News

Google’s Got a Book Search Just for Shakespeare

The official Google blog recently announced a slant of Google Books that’s focused on Shakespeare. The front page of the site has the Bard’s works divided into several tabs, including comedy, tragedy, romance, and history. I picked one (Julius Caesar, the only Shakespeare play I know from a hole in the ground) and was taken to a standard Google Books page featuring a public-domain version of the play.

The bummer is that the site is apparently all about browsing, and I wanted to pick lines and then scan Google books and see where they turned up. I grabbed a line from JC that I like: “The abuse of greatness is when it disjoins remorse from power;” and plugged that into Google’s full book search.

While I like JC by itself, I thought the results from this quote search were also interesting; it brought over 80 results from Google’s book searching, including a philosophy book from 1992, a Shakespearean dictionary from 1832 written by Thomas Dolby (!!), and The Gentleman’s Magazine, from 1907.

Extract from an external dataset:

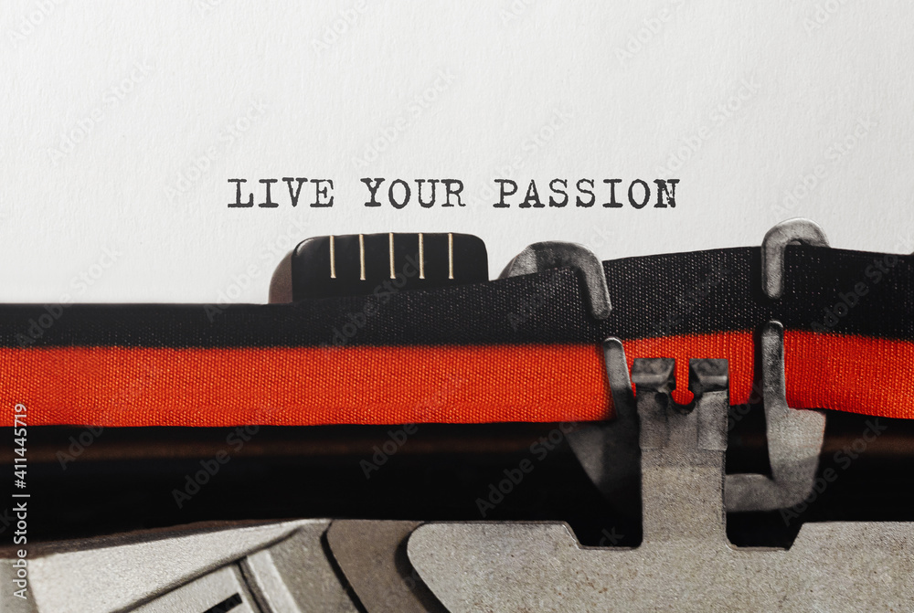 Text LIVE YOUR PASSION typed on retro typewriter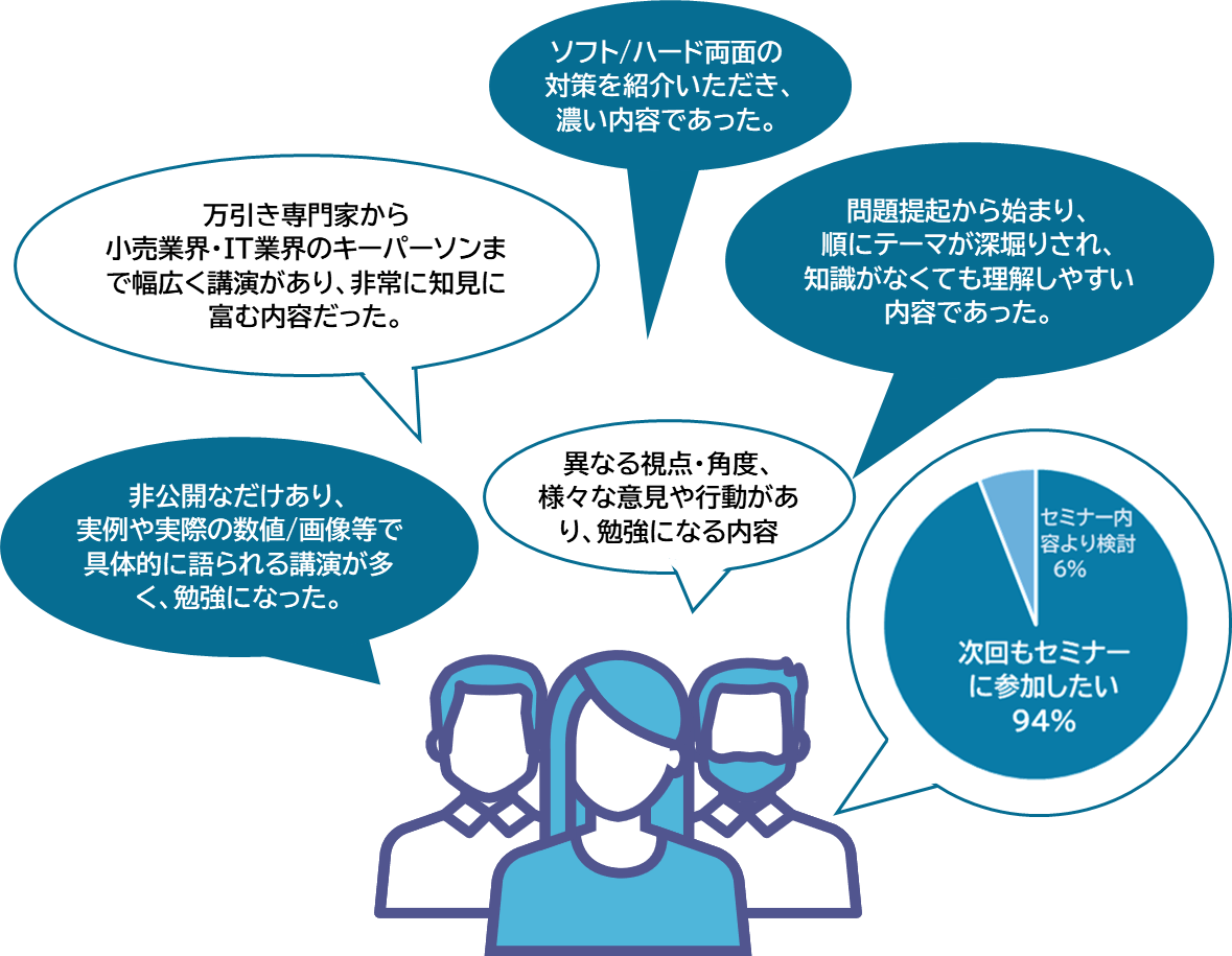 本セミナーではその万引き問題に目を向け、専門家や研究者・小売業様により「現場の実態と対策」のご講演をいただいたほか、IT企業からは先端テクノロジーを活用したアプローチについて発表いただきました。

All these different perspectives with commentary about Brutus, about what quotes from JC were considered important, what they say and don’t say, add another layer to Shakespeare. Wouldn’t it be cool if Google set up this fakey Technorati-type interface, and did “backtracks” of Google books and which Shakespeare plays they quoted from? You could enter a quote, for example, Google could see what play it came from, then you’d get this search result with the main “Shakespeare blog” at the top of the page and then all the Google books that use that particular quote. Instant Shakeosphere.